Törpetestű
Törpetestű

Reputation: 202

ReentrantLock fairness parameter

This question is full theoretical, I'm sorry but I cannot avoid this time. I'm learning about ReentrantLock and read this:

Note however, that fairness of locks does not guarantee fairness of thread scheduling.

What does this mean? How can I imagine this?

Let's suppose that the lock is not held by anyone right now:

  1. thread scheduler wakes up t1 thread (who is not the longest waiting thread)
  2. t1 tries to acquire the lock
  3. lock rejects t1 because t1 is not the longest waiting thread
  4. t1 goes to sleep
  5. thread scheduler wakes up a thread

Does Java work this way? In a very unsuccesful case this would mean lots of context switching (that leads to poor throughput, that is written down in the documentation).

Upvotes: 3

Views: 2991

Answers (2)

Akki
Akki

Reputation: 122

What does this mean?

This means that a thread holding lock may continue holding the lock as long as it wants and can reacquire the same lock many time in succession and the longest waiting thread will keep waiting until current thread releases the lock.

So, fairness guarantee comes to play only when lock is free and java thread scheduler has to decide which thread the lock should be given to. And it is given to longest waiting thread(in case of synchronized, it's random).

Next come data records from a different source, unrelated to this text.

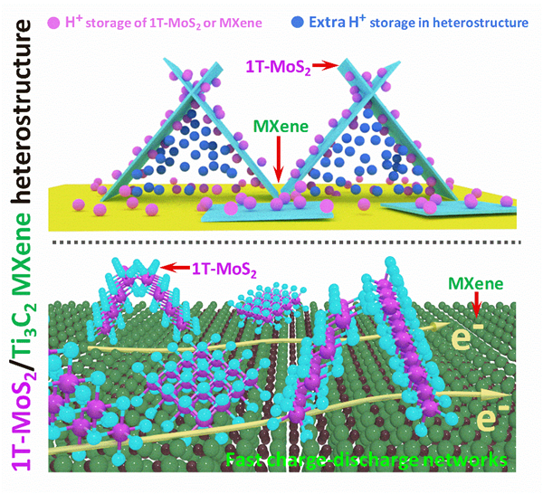 圖2. MoS2/Ti3C2 MXene異質結構的電荷存儲(上圖)及快速充放電(下圖)示意圖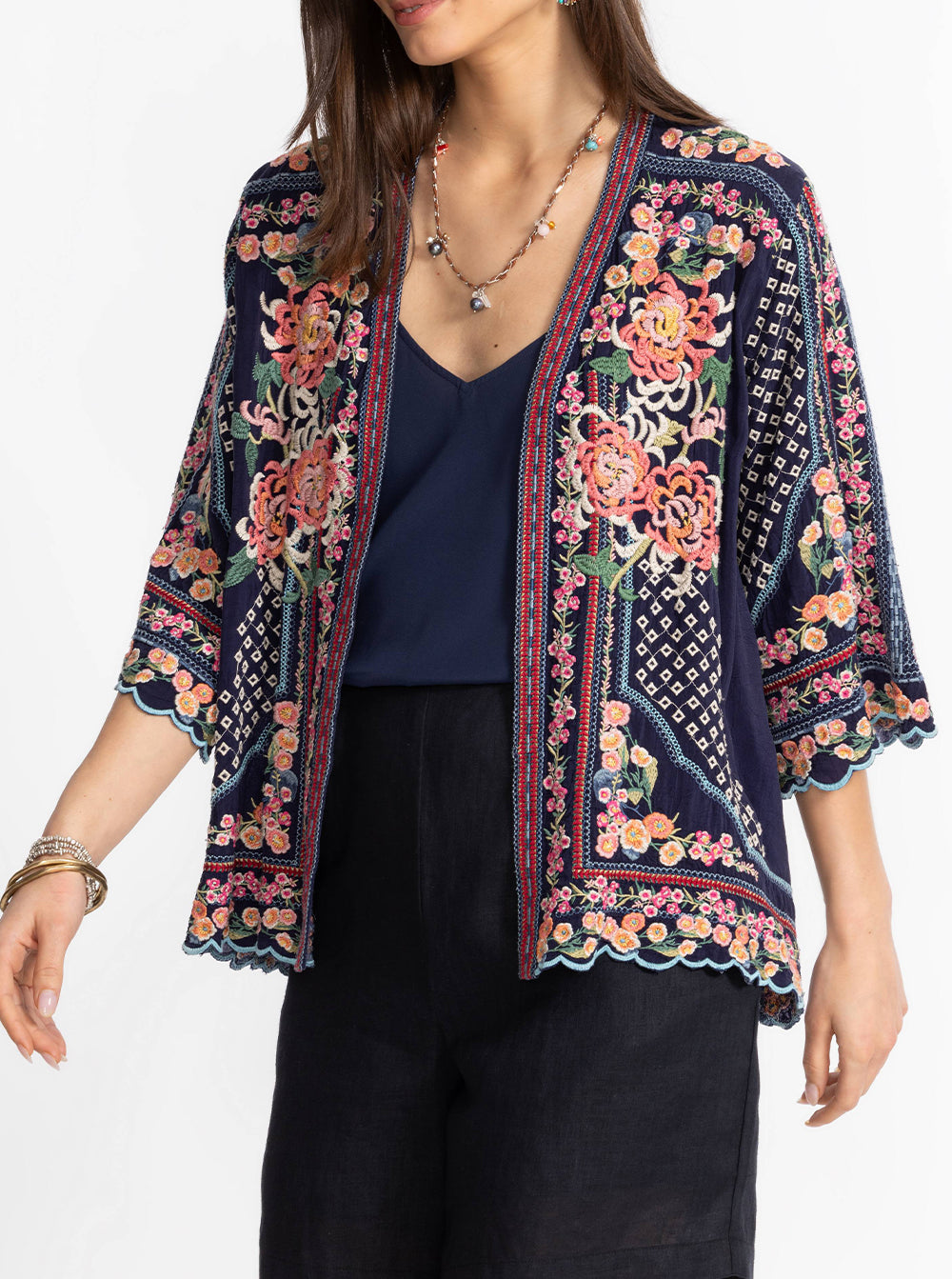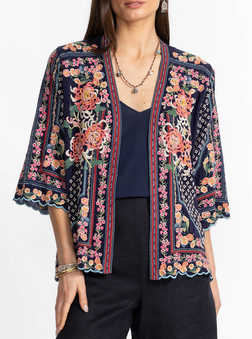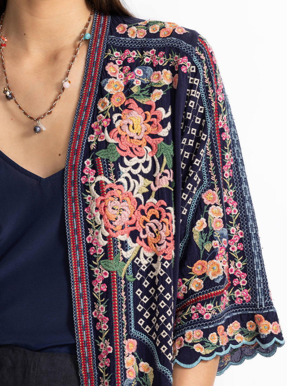 Intricately embellished with eye-catching embroidered details, the Fuji Kimono adds a hint of elegance to any look.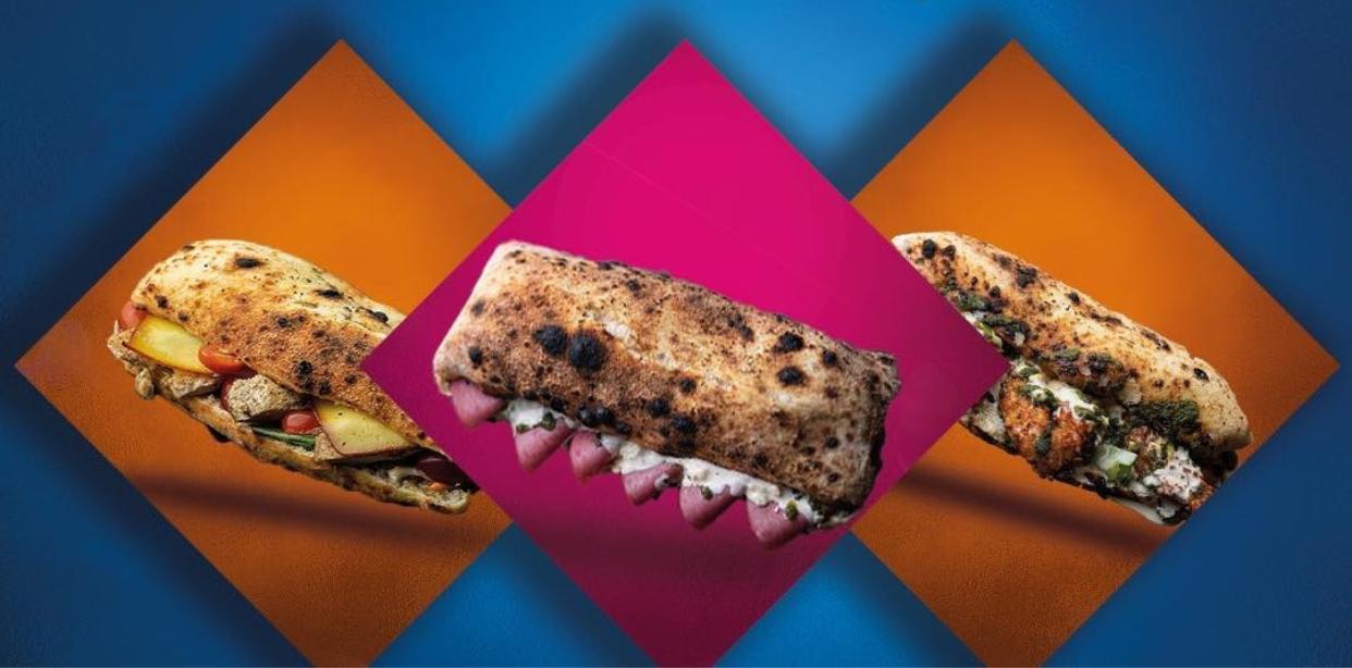Escalope pané, viande haché, laitue, tomate, oignon caramélisés, cheddar, roquette, sauce mexicaine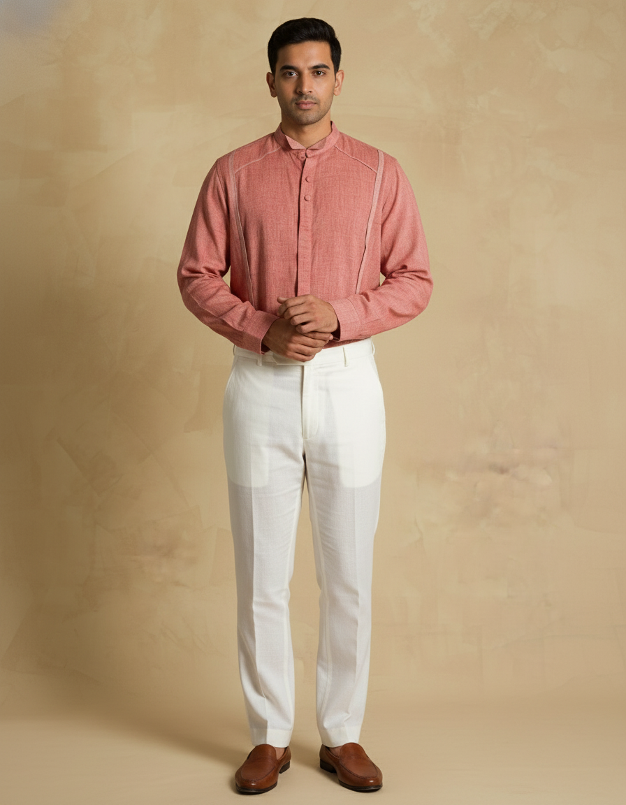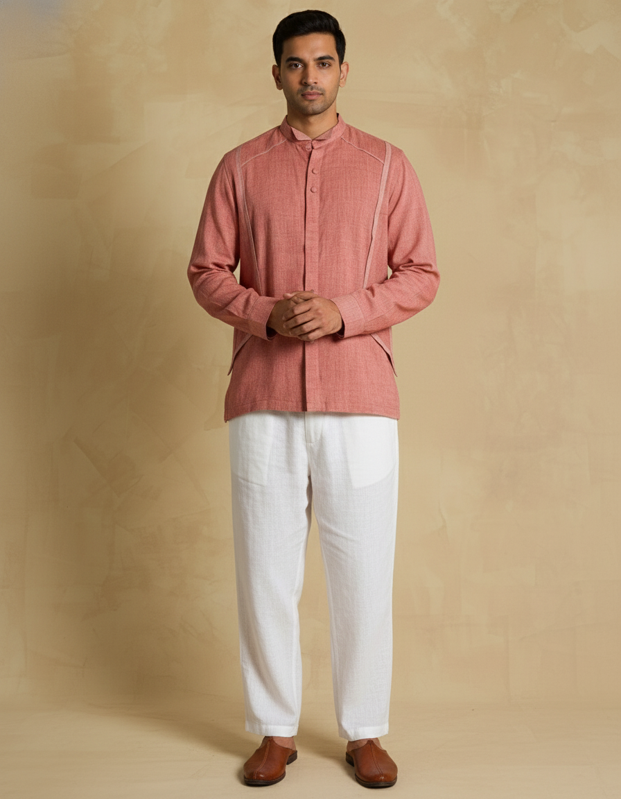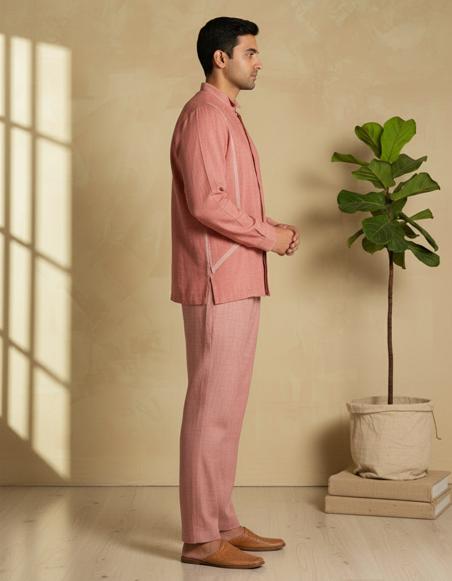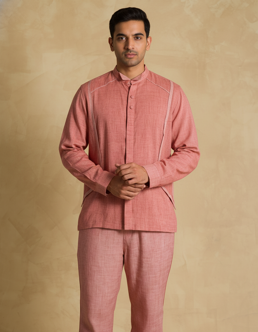 Chambray Pink Khadi Cotton 92 GSM Handwoven Fabric
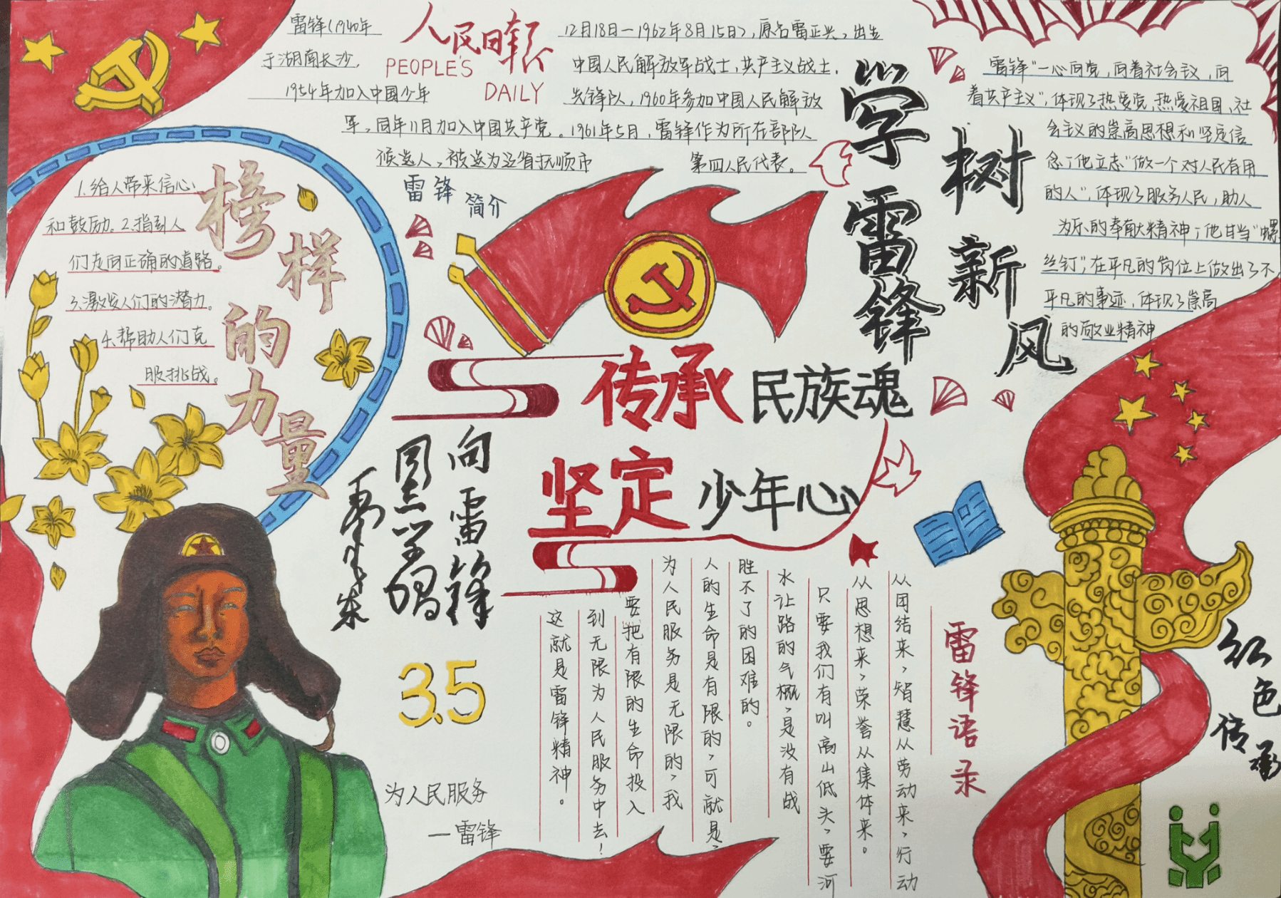 在文素作品中,《争做当代雷锋》获一等奖;《星光璀璨,精神永存》《传雷锋精神,践时代担当》获二等奖;《弘扬雷锋精神》《学习雷锋好榜样》《学雷锋,树新风》获三等奖。在积分作品中,《学习雷锋,从心做起》获一等奖;《雷锋精神永不褪色》《学雷锋,树新风手抄报》获二等奖;《三月春风暖人心,雷锋精神永不褪色》《学雷锋,树新风》《学雷锋,做时代青年》获三等奖。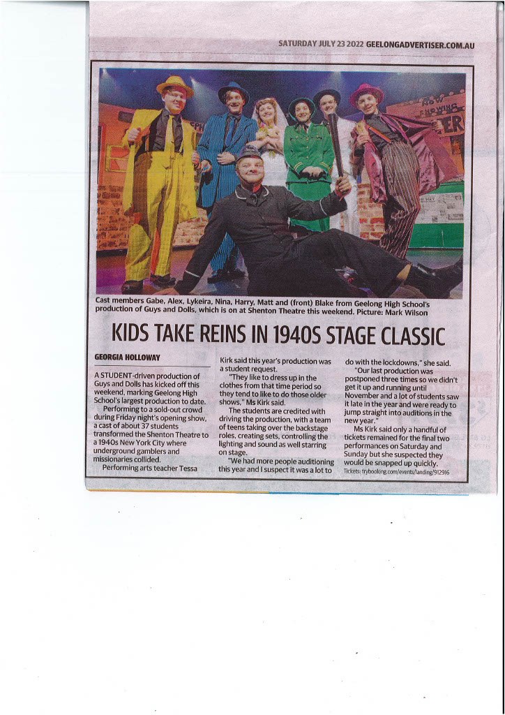 I hope you got to see this year’s school production of Guys and Dolls. To say I am proud of the students and staff would be a massive understatement. I thought the production was fantastic and judging by the responses of the audiences that is no exaggeration. The show was sold-out every night and both matinees. Every aspect of the show was thoroughly professional, from the sound, lighting, costumes and stage props, to the acting and singing of the performers and the seamless efficiency of the backstage crew. While it takes a team of people to produce an event such as this, one person – Tessa Kirk- stands out in terms of her effort, motivation, energy and professional execution of direction and production she brought to the show. Tessa has built wonderful relationships with the students motivating them to go well beyond what they themselves thought they were capable of achieving. I will be very surprised if a few of the students aren’t inspired to go on and pursue theatre studies in later years and possibly even as a career pathway.

It also means that the thread holding the lock is not being scheduled frequently and other threads are given more CPU time, so this thread is not able to complete and thus not releasing the lock.

Upvotes: 3

Peter Lawrey
Peter Lawrey

Reputation: 533492

What does this mean?

The OS will schedule the thread to run whenever it likes.

How can I imagine this?

The OS has little idea what the JVM would like to run next.

Does Java work this way?

Yes, Java doesn't control the OS scheduler.